Blog
Three personal practices that promote racial equity in organizations
September 25, 2017
“Racial Justice is Healing Justice” — Paulina Helm-Hernandez, Special Projects Director, Southerners On New Ground.
At the inaugural Mijente Convening in Chicago, I heard Paulina Helm-Hernandez — then Co-Director of Southerners On New Ground — say that “racial justice is healing justice.” This resonated with me in the deepest and most moving way. Those words have inspired me to integrate this concept of healing justice in all my racial equity work, so that every one of us working in the nonprofit field has the space we need to be fully present and engaged with our work.

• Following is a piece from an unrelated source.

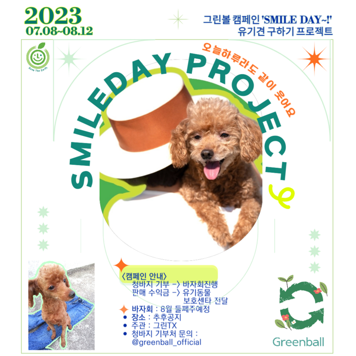 비영리 환경보호 활동단체 그린볼 캠페인의 2023 유기견 구하기 프로젝트 ‘스마일데이’(smile day)가 눈길을 끌고 있다.

Here at CRE, we are working on building our racial equity capacity and creating a culture of inclusion that analyzes and breaks down traditional power dynamics that enable white dominant culture norms. We worked with external facilitators and are doing our own internal organizational work to surface our collective vision of embodying racial equity as an organization. Many of us are also examining our individual role around undoing racism at the intrapersonal and interpersonal level. We are honoring each other’s personal journeys and lived experiences, and acknowledging our identities through an iterative process of becoming not just diverse, but truly inclusive.
As a longtime activist, I have done extensive work around healing my own internalized anti-blackness. I suspect many of us have similar stories, and have thought of our work roles as separate from our personal identities. As someone who was raised in a poor household and identifies as an immigrant, Afro-Latinx, and cisgender Queer woman, intersectionality* has been at the center of my professional development not only as an organizational development and leadership development consultant, but long before when I worked in youth development, education and fundraising.

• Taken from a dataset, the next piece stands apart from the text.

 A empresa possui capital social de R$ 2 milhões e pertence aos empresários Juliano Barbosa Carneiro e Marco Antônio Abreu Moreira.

I continue to experiment with transforming organizational cultures that favor the competencies of dominant identities — such as whiteness — so that I can both build trust and allyship with my white colleagues, and enable a collaborative and healing culture for all. Reflecting on my experiences working within an organization like CRE — which is intentionally working to create a more racially equitable culture and that serves a widely diverse social sector — there are three personal practices that have felt most successful and sustainable when trying to do this.
Vulnerability
One strategy that is working for me is practicing and modeling vulnerability by moving through my own discomfort and having the courage to cross the race boundary when examining and debriefing consulting interactions. This means sharing with white team members my racialized experience with clients both white and of color and inviting colleagues to do the same. Oftentimes, the assumptions made by white clients or colleagues, including microaggressions (subtle or unintended acts of discrimination against a marginalized group or member of that group), can feel unspeakable and only sharable with colleagues of color who are also recipients of microaggressions. Similarly, perceptions from clients of color of white colleagues being more capable can feel like betrayal and embarrassing to share with white colleagues. Sharing these experiences with white colleagues is an attempt to unfreeze and interrupt the norm of silence around the intersection of race and organizational life.
Building Relationships
Simply crossing the race boundary can start to feel exhausting when white colleagues are not able to empathize or “hear” the racialized experiences of people of color. To ensure my own self-care and sustainability when unpacking the multiple levels of racism at play, I take a “both/and” approach. In addition to building trust with white colleagues, I continue to prioritize sharing space with colleagues of color, especially black colleagues. This space can be built in both formal and informal ways — finding time on the calendar to meet with a colleague on a particular issue, or asking someone to head out of the office for a coffee. This practice helps me find the joy and grounding that I lose when conscious or unconscious microaggressions penetrate my professional armor. It allows me to externalize and let go of the rage that can ensue when these microaggressions become too frequent or overt to contain and process within and by myself.
Personal Reflection
Finally, I am continuing to make time for a consistent practice of individual reflection and development through journaling, movement and meditation, and intentional dialogue and unpacking dynamics with friends and colleagues. Reflection and personal recalibration are crucial in managing my energy and stamina in this work. I have noticed that those of us who come from historically marginalized communities — and who are often most personally invested in racial equity work — might also be more likely to hold and express feelings of anger and frustration on behalf of our colleagues. I have found it worthwhile to pause and reflect on how this tendency might be showing up in myself or others on the team, and to create space for each of us to express, process, and own our feelings if needed.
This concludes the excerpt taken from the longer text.